Lets talk about perfection and this unrealistic social media life that has been created in recent years. I think that has contributed to my fear of failure so not even trying in case I fail but without failure you don't learn and if you don't learn you'll never change.


Social media creates this false portrayal of success that unconsciously goes in to your mind. It makes you think that hard work doesn't play a factor and some just get lucky by finding success right away when in almost all cases that is false. So, it seems I have hit a dead end... Sometimes there's less to lose and pressure when you just do things and then see what happens at the end.

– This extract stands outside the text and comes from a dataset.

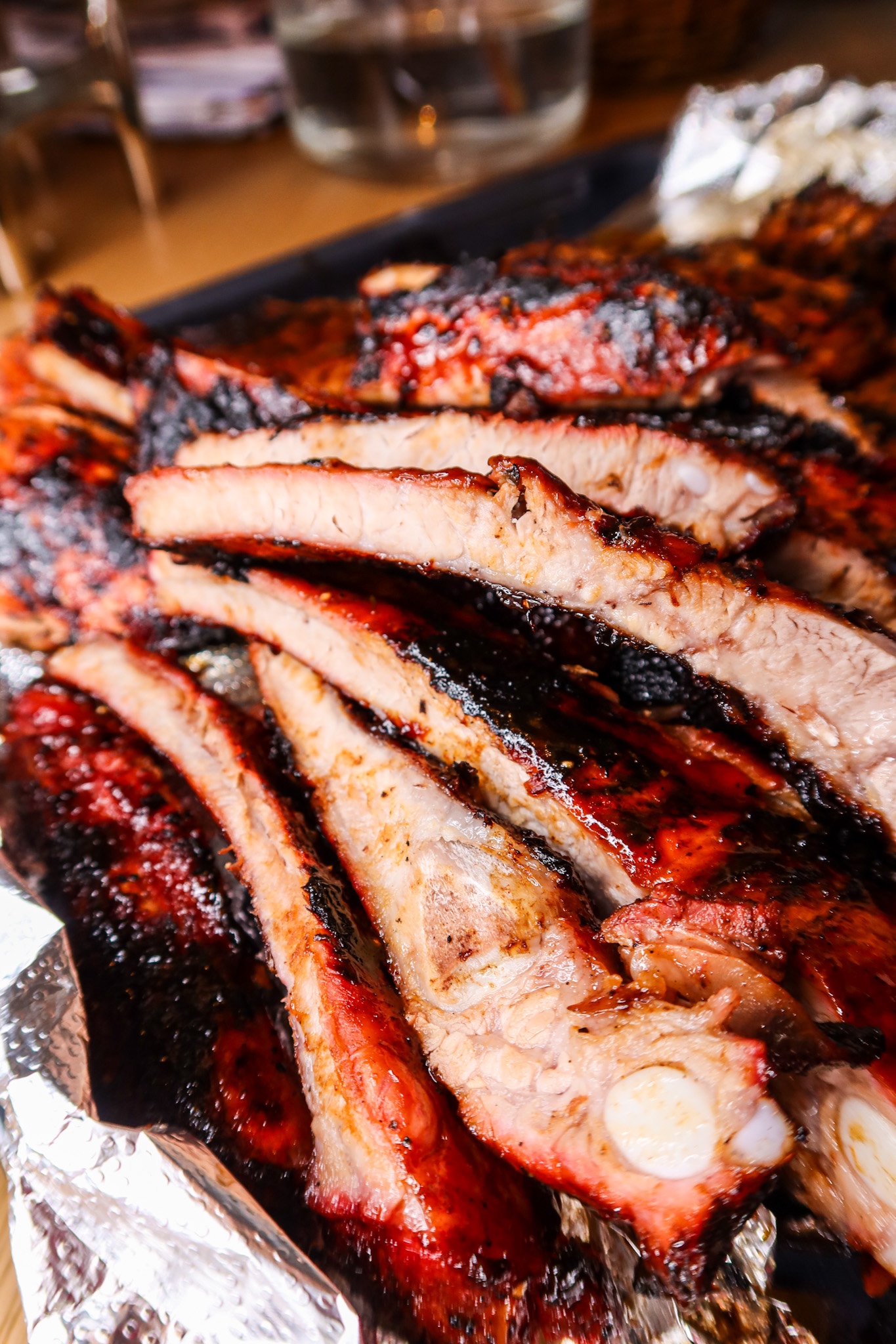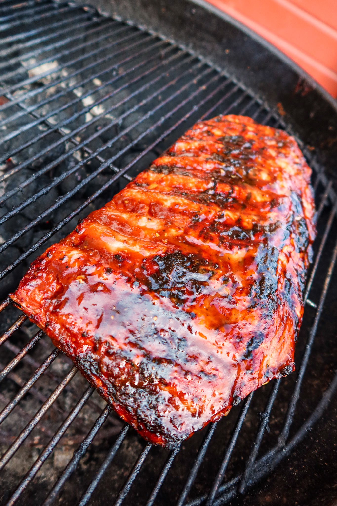 Sätt igång grillen, ha kålen på ena sidan grillen. Köttet ska alltså inte ligga rakt på kolen utan bli indirekt grillad. Pensla in ribsen ordentligt med marinaden/glazen på båda sidor. Klä in ribsen med folie. Lägg på grillen (den ska hålla en värme på ca 140 grader). Lägg foliepaketet med ribsen på ena sidan av grillen, på med locket. Låt sedan grillen gå i 2 1/2 timma. Ta ut dem sedan och ta bort folien, pensla på mer glaze och lägg sedan på den på grillen men nu på direktvärme. Ribsen ska alltså bli sådär härligt karamelliserade och få riktigt fin färg.

At times I wish there was no social media because then I wouldn't have these unrealistic standards to match too!


It's like so many times I have started something but never finished it after, I'm motivated for a few days then fall of the wagon so to speak. I made a mood-board was on track and then gave up. Why can't I have the discipline in my life to see things through. It's like only when I'm forced like in school that I get things done otherwise I'm just a floater. How do I get past this wall... what do I need to do to become more focused. Is it my fear of failure, lack of self belief... What is it that keeps stopping me from doing things that will actually benefit me. Do I believe that I am simply not good enough? Is that why I don't seem to be getting anywhere... If I get to the root problems maybe then I can do something that will benefit me!



I don't know why I have always been like this unable to try due to fear of failure? Maybe its cause I was never told I was good enough or that I had it in me to be clever like everyone else. So I was so ashamed of failing that I never tried so I could blame it on that. When in reality I should've taught myself that mistakes are a part of life its what makes you human you live and you learn. When you try your best then at least you can be fulfilled and happy with the result because then you know you did your best, instead of having regrets.


You know what in the time I took a break I have gone back to unhealthy ways and that's because I think I haven't been journaling on here... Because on here I can talk about my feelings and work through my mess of a brain the way I can't in real life.


I am someone who blames myself for a lot of things in life even things that weren't my fault which leads me to a downward spiral and enough I think its time to stop! I am not my actions. I am not defined by the mistakes I have made in life. I am not to be blamed for mistakes other people in my life have made. I am my own person. Obviously alive and healthy by Allah's will Alhamdullilah. I need to get closer to my religion that's where a lot of my problems are stemming from as well. So the next 6 months I need to focus on my religion, health and self improvement and productivity.